_EXERCISE GOAL_
Leaving the images behind, copy every line of the records exactly.

____ THE DATA

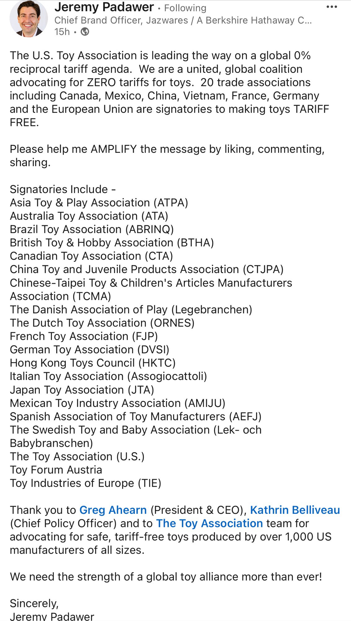 The U.S. Toy Association (founded over a hundred years ago!) is trying to forge a coalition with toy and trade associations across the world with the lofty goal of a global 0% reciprocal tariff on toys.
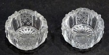 Pair of Vintage SALT CELLAR DIP CONDIMENT Antique PAIR Cut Glass Starburst Bowl
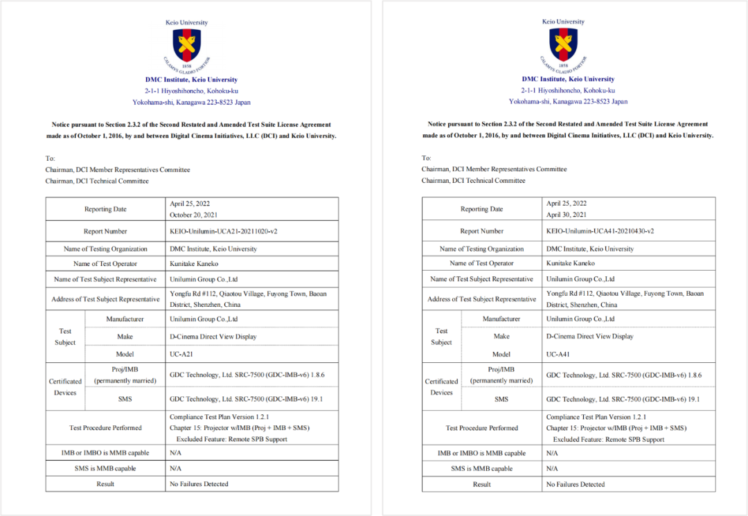 洲明UC-A41和UC-A21两款LED电影放映系统均通过DCI认证
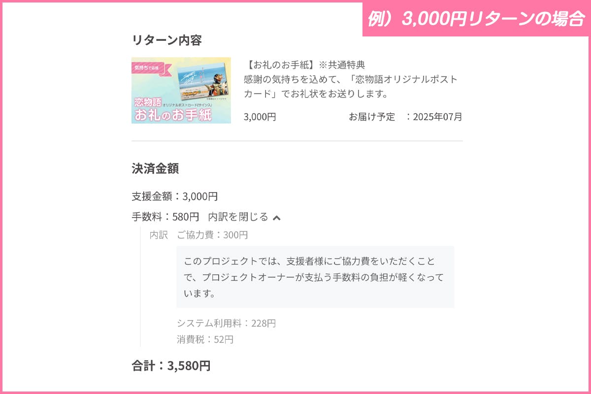 今回のクラウドファンディングはエンタメ応援プランを適用させていただいており、システム料とは別にご協力費として支援者さまに「支援額の10%+消費税」をお支払いいただいております。
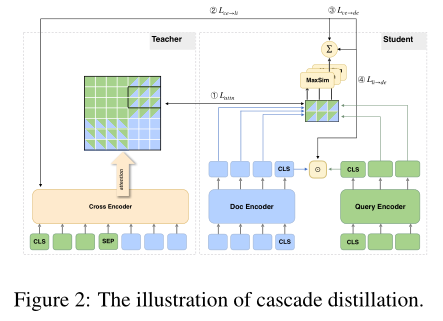 它允许对批量负样本进行蒸馏,这对于训练双编码器至关重要。此外,也有少数研究采用了多教师蒸馏,即同时使用交叉编码器和 ColBERT 作为教师。值得注意的是,所有这些研究都验证了使用这种跨架构蒸馏设置改进双编码器是卓有成效的,其中教师比双编码器学生配备了更具表现力的查询-段落交互。
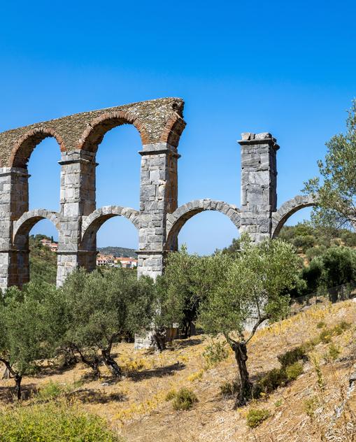 Interessant ist dieses Dorf, weil sich hier in einem Olivenhain westlich des Dorfs das noch gut erhaltene römische Aquädukt befindet, das der Wasserversorgung der Hauptstadt der Insel Lesbos diente.
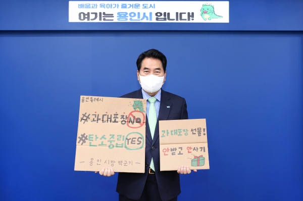 백군기 용인시장이 28일 과대포장으로 인한 쓰레기를 줄이기 위한 '과대포장 선물, 안 받고 안 사기' 챌린지에 동참했다.
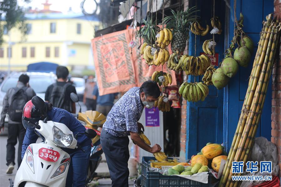 7月22日,一名男子在位于尼泊尔加德满都的一个水果摊前整理香蕉。 尼泊尔政府21日宣布,自22日零时起结束因新冠疫情而实施的全国封锁措施。目前,尼境内新冠疫情出现放缓迹象。据尼卫生与人口部21日公布的最新数据,过去24小时,全国新增确诊病例150例,确诊病例总数达17994例。为防范新冠疫情蔓延,尼政府从3月24日开始实施全国封锁。 新华社记者 周盛平 摄
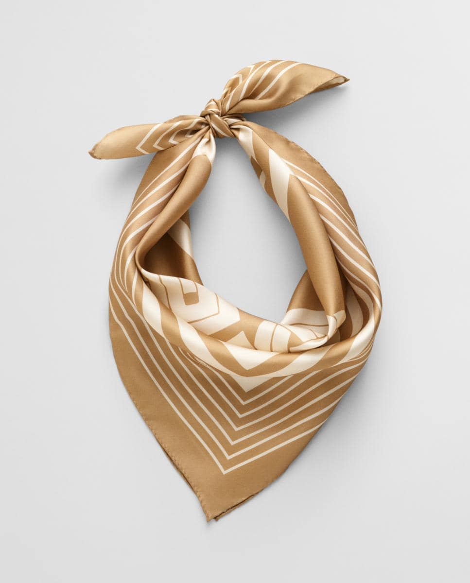 Pañuelo de mujer de seda con estampado geométrico y acabado brillante.
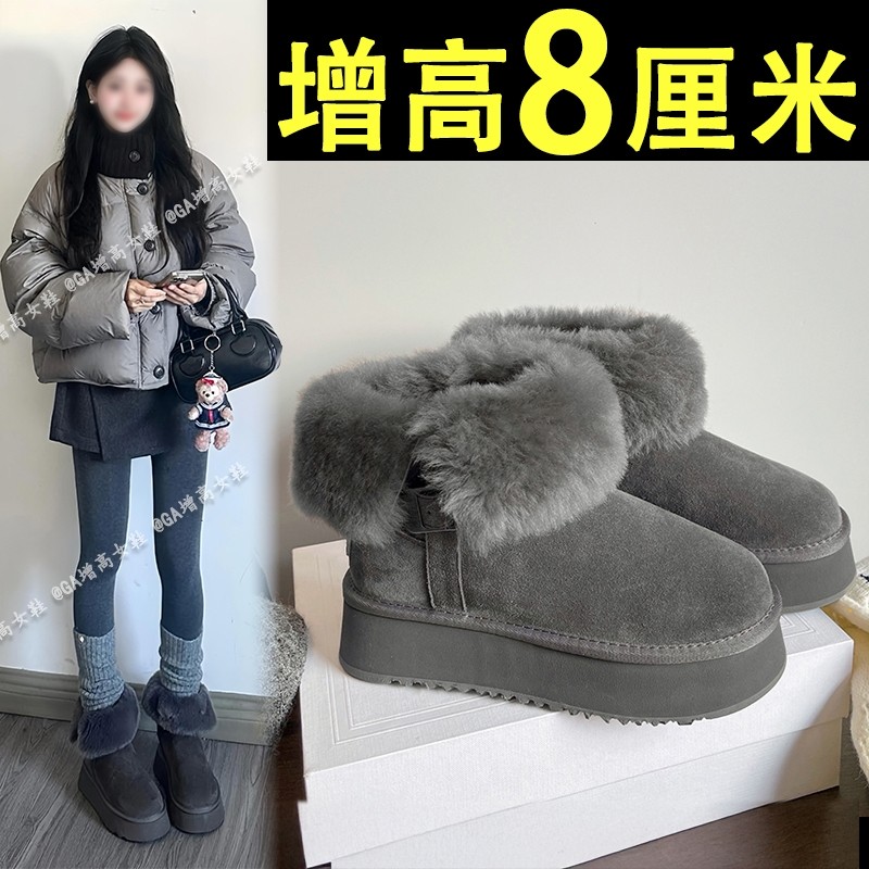 miu家厚底雪地靴女冬季真皮短靴羊毛侧拉链增高厚底加绒毛毛棉鞋
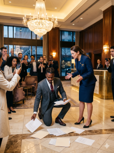 Get on your knees where you belong, boy. Patricia’s polished hand cracked across Marcus’s face with brutal accuracy. His leather portfolio burst open, sending his MIT doctorate sliding across the marble floor like garbage. The Grand Metropolitan Hotel lobby fell into a chilling silence. 50 witnesses, 20 phones already recording. Front-line manager training.
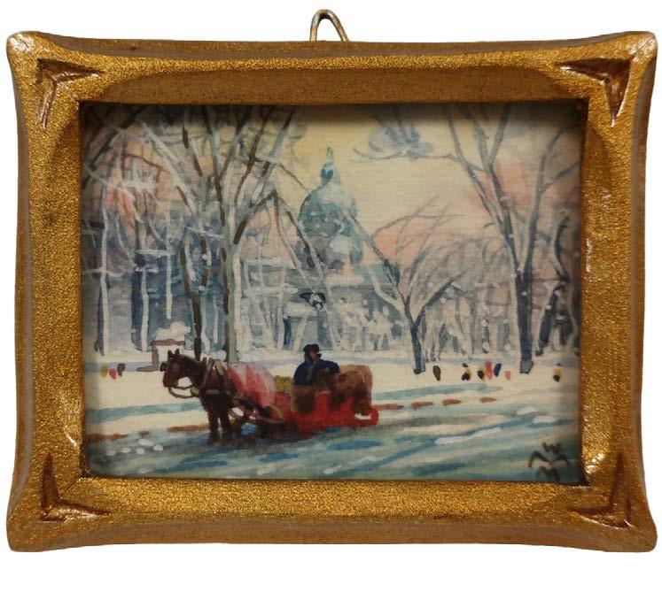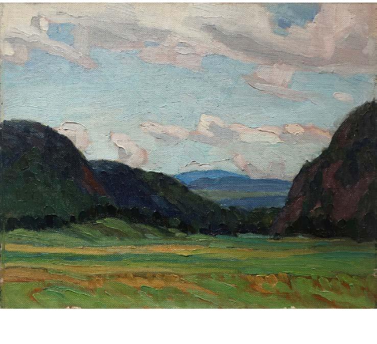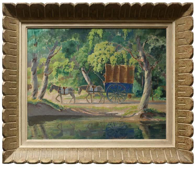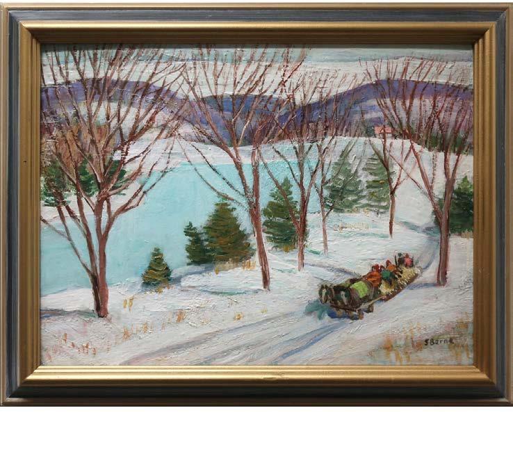 HAYRIDE IN THE LAURENTIANS, QUEBEC OIL ON MASONITE; SIGNED LOWER RIGHT; SIGNED AND TITLED VERSO 12 x 16 in — 30.5 x 40.6 cm
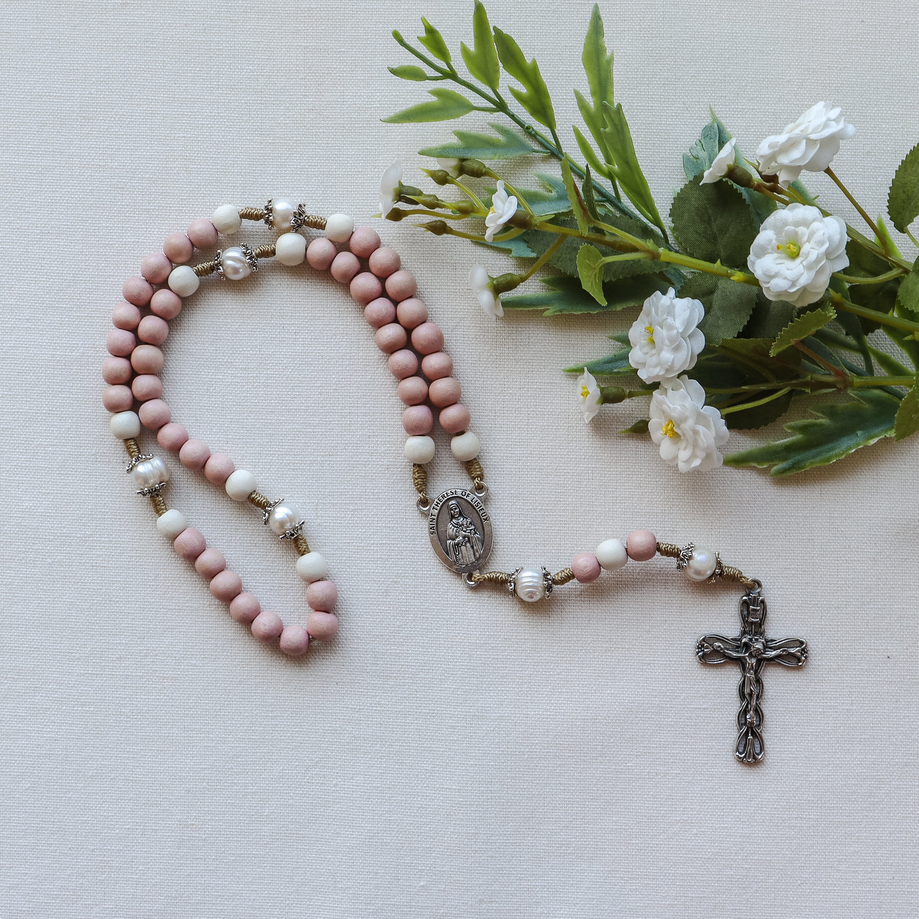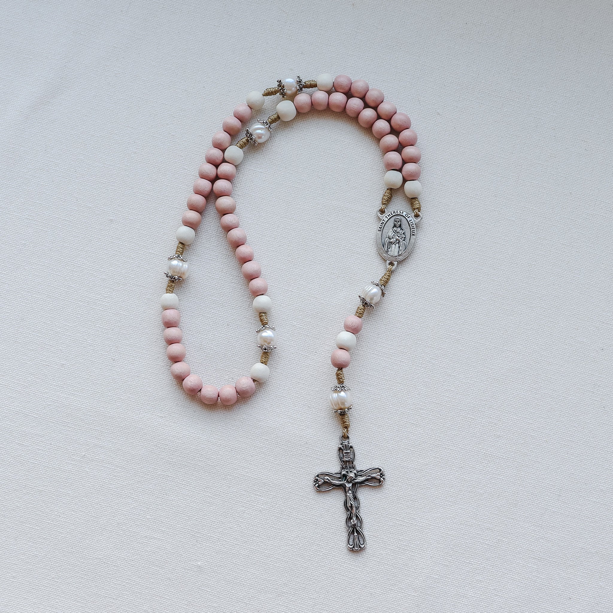 A soft, elegant rosary handmade for daily prayer, featuring pink and white wood beads with genuine freshwater pearl accents. Finished with a Saint Thérèse of Lisieux centerpiece and crucifix made in Italy, it’s beautiful for gifting and strong enough to keep for years.
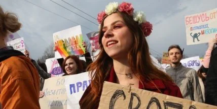 "Мы против гендерного насилия, расизма и сексизма, против нарушения прав женщин на труд и любых проявлений патриархальности в обществе. Настаиваем на том, что женщина всегда в приоритете", - объясняет цель шествия представительница общественной женской организации "Сфера" Анна Шарыгина.

________

_RESPONSE TO THIS EXERCISE_
 The U.S. Toy Association (founded over a hundred years ago!) is trying to forge a coalition with toy and trade associations across the world with the lofty goal of a global 0% reciprocal tariff on toys.
 Pair of Vintage SALT CELLAR DIP CONDIMENT Antique PAIR Cut Glass Starburst Bowl
 洲明UC-A41和UC-A21两款LED电影放映系统均通过DCI认证
 今回のクラウドファンディングはエンタメ応援プランを適用させていただいており、システム料とは別にご協力費として支援者さまに「支援額の10%+消費税」をお支払いいただいております。
 它允许对批量负样本进行蒸馏,这对于训练双编码器至关重要。此外,也有少数研究采用了多教师蒸馏,即同时使用交叉编码器和 ColBERT 作为教师。值得注意的是,所有这些研究都验证了使用这种跨架构蒸馏设置改进双编码器是卓有成效的,其中教师比双编码器学生配备了更具表现力的查询-段落交互。
 Interessant ist dieses Dorf, weil sich hier in einem Olivenhain westlich des Dorfs das noch gut erhaltene römische Aquädukt befindet, das der Wasserversorgung der Hauptstadt der Insel Lesbos diente.
 백군기 용인시장이 28일 과대포장으로 인한 쓰레기를 줄이기 위한 '과대포장 선물, 안 받고 안 사기' 챌린지에 동참했다.
 7月22日,一名男子在位于尼泊尔加德满都的一个水果摊前整理香蕉。 尼泊尔政府21日宣布,自22日零时起结束因新冠疫情而实施的全国封锁措施。目前,尼境内新冠疫情出现放缓迹象。据尼卫生与人口部21日公布的最新数据,过去24小时,全国新增确诊病例150例,确诊病例总数达17994例。为防范新冠疫情蔓延,尼政府从3月24日开始实施全国封锁。 新华社记者 周盛平 摄
 Pañuelo de mujer de seda con estampado geométrico y acabado brillante.
 miu家厚底雪地靴女冬季真皮短靴羊毛侧拉链增高厚底加绒毛毛棉鞋
 Get on your knees where you belong, boy. Patricia’s polished hand cracked across Marcus’s face with brutal accuracy. His leather portfolio burst open, sending his MIT doctorate sliding across the marble floor like garbage. The Grand Metropolitan Hotel lobby fell into a chilling silence. 50 witnesses, 20 phones already recording. Front-line manager training.
 HAYRIDE IN THE LAURENTIANS, QUEBEC OIL ON MASONITE; SIGNED LOWER RIGHT; SIGNED AND TITLED VERSO 12 x 16 in — 30.5 x 40.6 cm
 A soft, elegant rosary handmade for daily prayer, featuring pink and white wood beads with genuine freshwater pearl accents. Finished with a Saint Thérèse of Lisieux centerpiece and crucifix made in Italy, it’s beautiful for gifting and strong enough to keep for years.
 "Мы против гендерного насилия, расизма и сексизма, против нарушения прав женщин на труд и любых проявлений патриархальности в обществе. Настаиваем на том, что женщина всегда в приоритете", - объясняет цель шествия представительница общественной женской организации "Сфера" Анна Шарыгина.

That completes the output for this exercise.